James 4:1 – “We Have Met the Enemy, and He Is Us”

So here we are, America, staring into the bloodshot eyes of a freak show. Donald Trump is president – a man so soaked in narcissism and ignorance, it’s a wonder he hasn’t drowned in his own reflection. And yet, here we are, scratching our heads in disbelief, wondering how the hell we got to this point.

We should have known, I guess. The signs were everywhere — loud, brash, and hideous in the way that slapped you in the face.

I thought we were better than this. I thought we had evolved beyond the primitive, animal instincts that led to leaders like this. But no. What we have now is a nation in thrall to spectacle over substance, to empty promises over real action.

The most disheartening part of Trump’s victory was not just the man himself, but what his election revealed about the state of the country. It exposed the deep fissures in our social fabric — the economic inequality, the racial divisions, the mistrust in our institutions. Trump’s rise was no fluke; it was the culmination of years of corporate corruption, endless wars, and the spiritual rot of an entire political system that turned its back on the American people.

But this isn’t the America I grew up with — the one that prided itself on its intellectual capacity, on its capacity for reason and progress. We had our flaws, sure. We were a country of contradictions, always walking the line between our ideals and our reality. But we were trying. At least we made the effort to do better, to push the envelope forward, to correct our mistakes.

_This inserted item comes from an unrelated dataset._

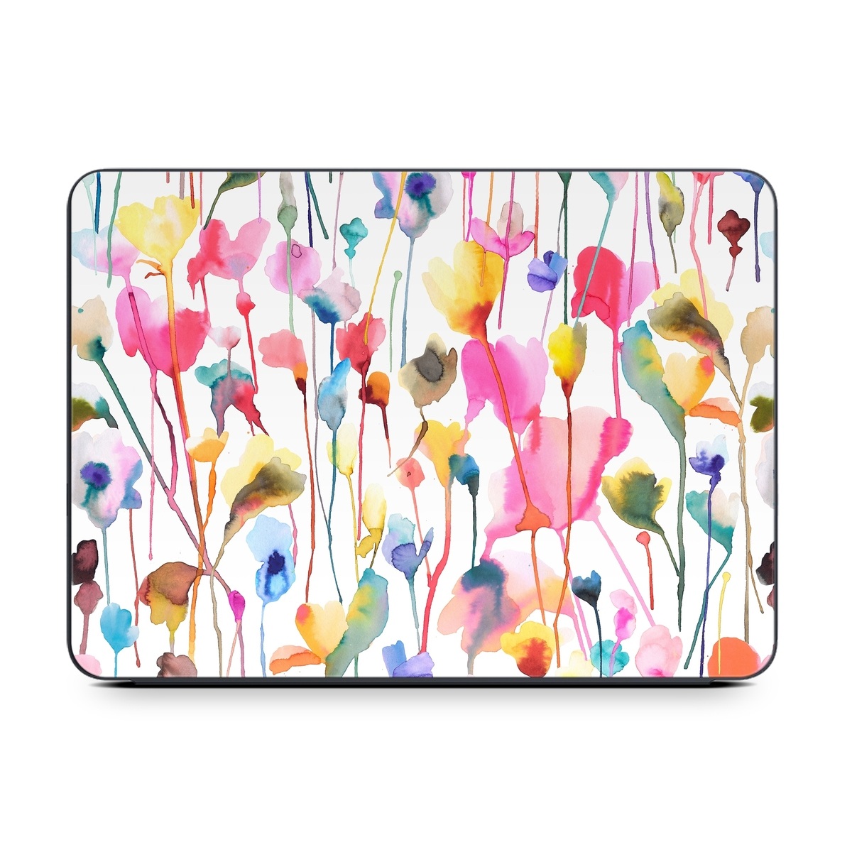 iStyles Smart Keyboard Folio for iPad Series Skin design of Plant, Petal, Art, Font, Pattern, Automotive wheel system, Event, Visual arts, Party supply, Pole, with white, red, pink, yellow, orange, green, blue, purple colors, and tagged with patterns, flowers, color, colorful, flower, flowers, pattern, rainbow, watercolor.

I thought the American people, when faced with a candidate so blatantly unqualified, so unapologetically self-serving, would make the right choice. I thought we had learned from history, that the lessons of demagoguery and authoritarianism had been hammered into our collective consciousness. But instead, we elected a man whose idea of governance is tweeting insults and leveraging his position for personal gain.

Trump’s supporters find comfort in the simplicity of his narrative. Women, minorities, immigrants, the media — these are the visible villains he conjures to explain the complexities of their lives. For them, it’s easier to blame these groups for their economic anxieties, cultural fears, and feelings of disenfranchisement than to confront the deeper, more complicated issues at play. Like Trump, they crave simple answers, black-and-white distinctions between “us” and “them,” and the reassurance that their problems are caused by something they can easily identify and vilify. It’s a narrative that doesn’t require introspection or nuance — just a scapegoat, and Trump provides it in spades.

I thought we were better than this. Maybe we were. But it sure as hell doesn’t look that way now.